6 Speech Reconstruction from CNN Embeddings

Transmitting all the information needed in a NMP may create bottlenecks for what concerns the data transmission, especially when dealing with multidimensional signals such as the ones needed in a spatial audio framework. In [15] we explore a technique that could enable the compression of audio data. We do this by first studying a preliminary problem that has also relevant implications from an Explainable Artificial Intelligence (XAI) perspective. CNN models dealing with audio, usually take as input time-frequency representations of the audio signal, which is consecutively compressed by the layers of the model in order to extract high-level features. In [15] we consider pre-trained CNNs as feature extractors and build specular decoder networks in order to reconstruct the input time-frequency representation from the output of the intermediate layers.
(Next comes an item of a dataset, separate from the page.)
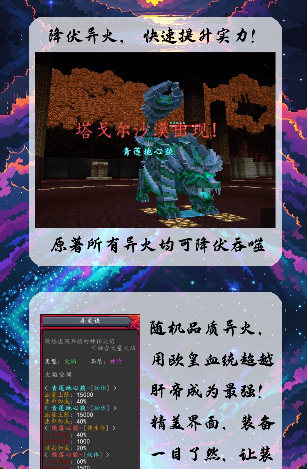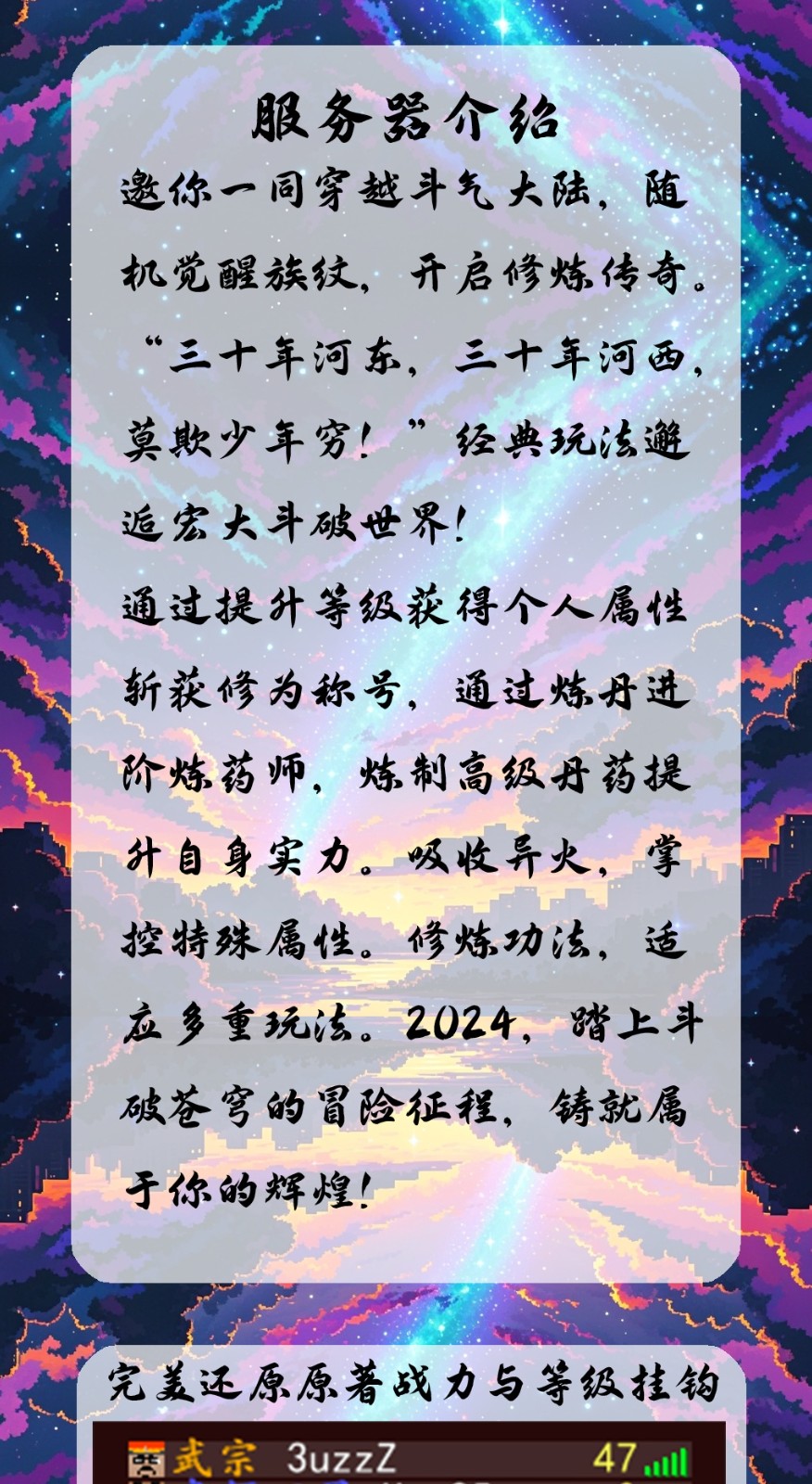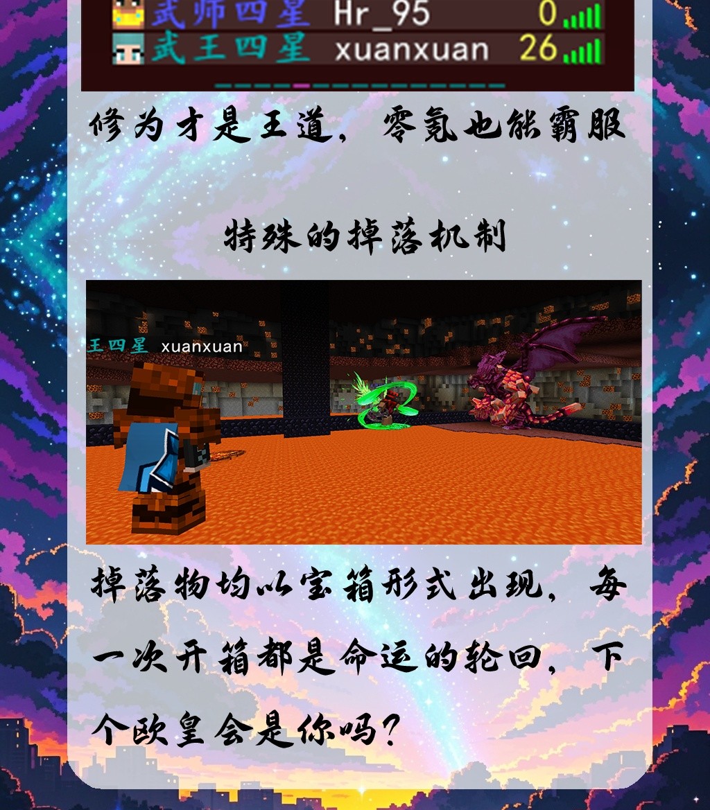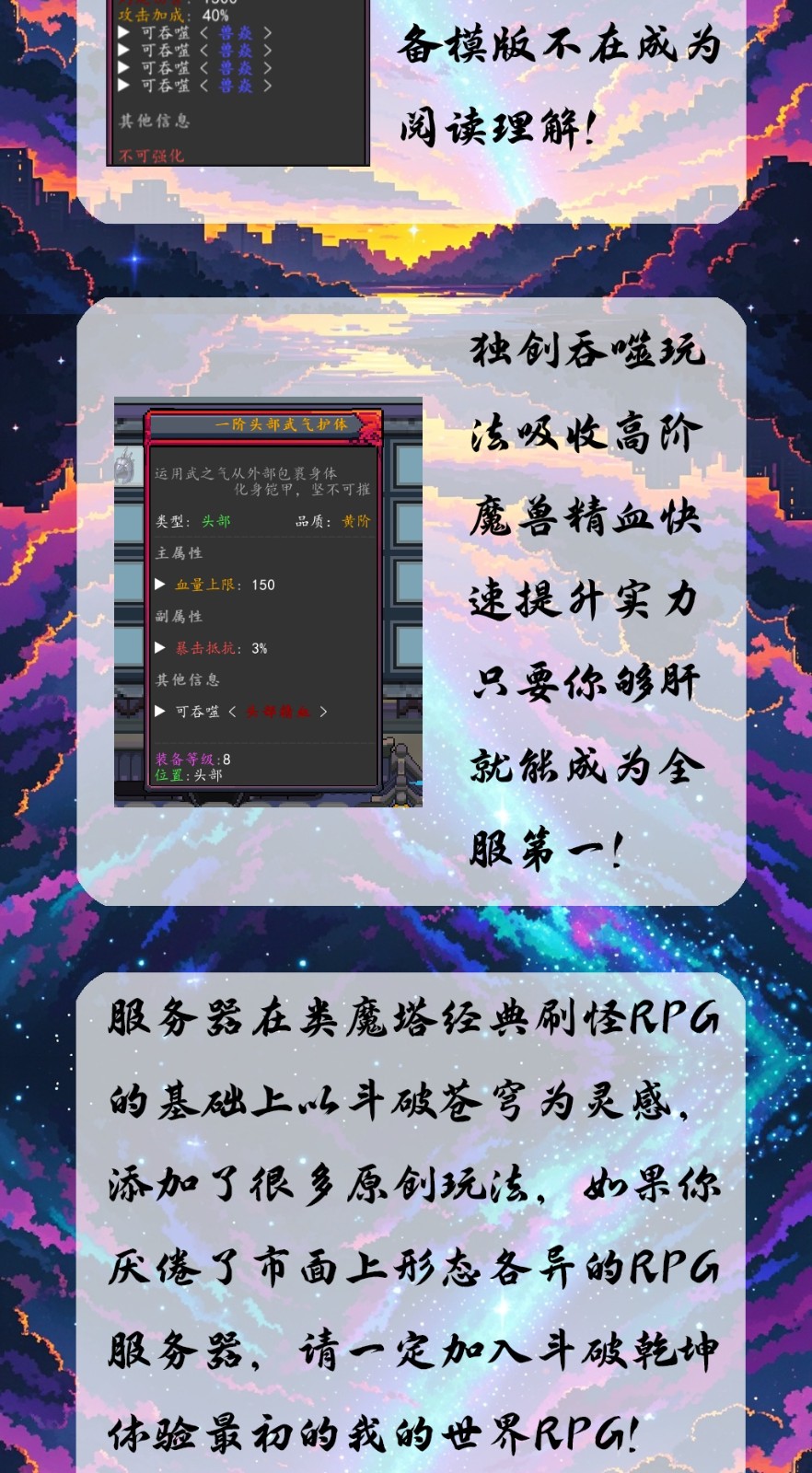 服务器在类魔塔经典刷子RPG的基础上以斗破苍穹为灵感,添加了很多原创玩法,如果你厌倦了市面上形态各异的RPG,请一定加入斗破乾坤体验最初的我的世界RPG!
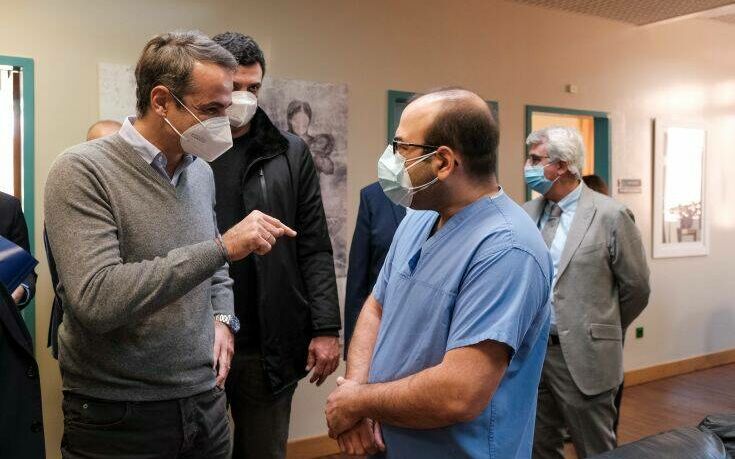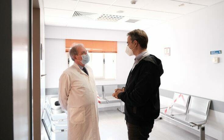 Ο Κυριάκος Μητσοτάκης αναφέρθηκε σε στοιχεία που δείχνουν αισθητή μείωση του ιικού φορτίου. «Η εικόνα που έχουμε είναι ότι αρχίζει και μειώνεται πια αισθητά το ιικό φορτίο. Ο πρώτος δείκτης που κοιτάω εγώ πάντα πια είναι οι συγκριτικές εισαγωγές στις εφημερίες, αυτές μας δίνουν μια πολύ καλή αίσθηση. Για πρώτη φορά το ισοζύγιο εξαγωγών-εισαγωγών είναι πια θετικό, αυτό σημαίνει ότι μειώνεται η πίεση στο Εθνικό Σύστημα Υγείας», τόνισε, ενώ ο Πρόεδρος του Διοικητικού Συμβουλίου του Νοσοκομείου Μιχάλης Καραβιώτης ανέφερε χαρακτηριστικά ότι στην εφημερία που μόλις τελείωσε οι εισαγωγές ήταν πολύ λιγότερες. «Είχαμε 5-6 εισαγωγές, ενώ στην προηγούμενη είχαμε περισσότερες από 80», είπε.

Results show that it is easy to reconstruct the input from convolutional layers, while it is considerably more complex when dealing with fully connected ones. This motivates us to further investigations, since by building proper networks, it would be possible to use their intermediate layers in order to perform compression on the multidimensional input audio signals.

7 Conclusion

In this chapter we presented the main results concerning the development of IMPERMANENCE as a comprehensive framework for the realization of NMPs. The biggest innovation of IMPERMANENCE is that it does not simply aim at reducing the issues already treated in the literature, e.g. low latency audio/video streaming, but it aims at creating an all around environment that feels coherent and whole to the musicians. In this sense, we treat the NMP as a Functional eXtended Reality (FXR) experience, where the objective is not the simplistic realism, but the creation of an environment that it is based on the needs of the musicians. In order to do this we base the design choices of IMPERMANENCE on the results obtained through experiments performed using the research framework TEMPERANCE, considering real musicians. We believe that the proposed method will enable NMP to be treated not as a mere approximation of the physical performance, but as a type of performance on its own.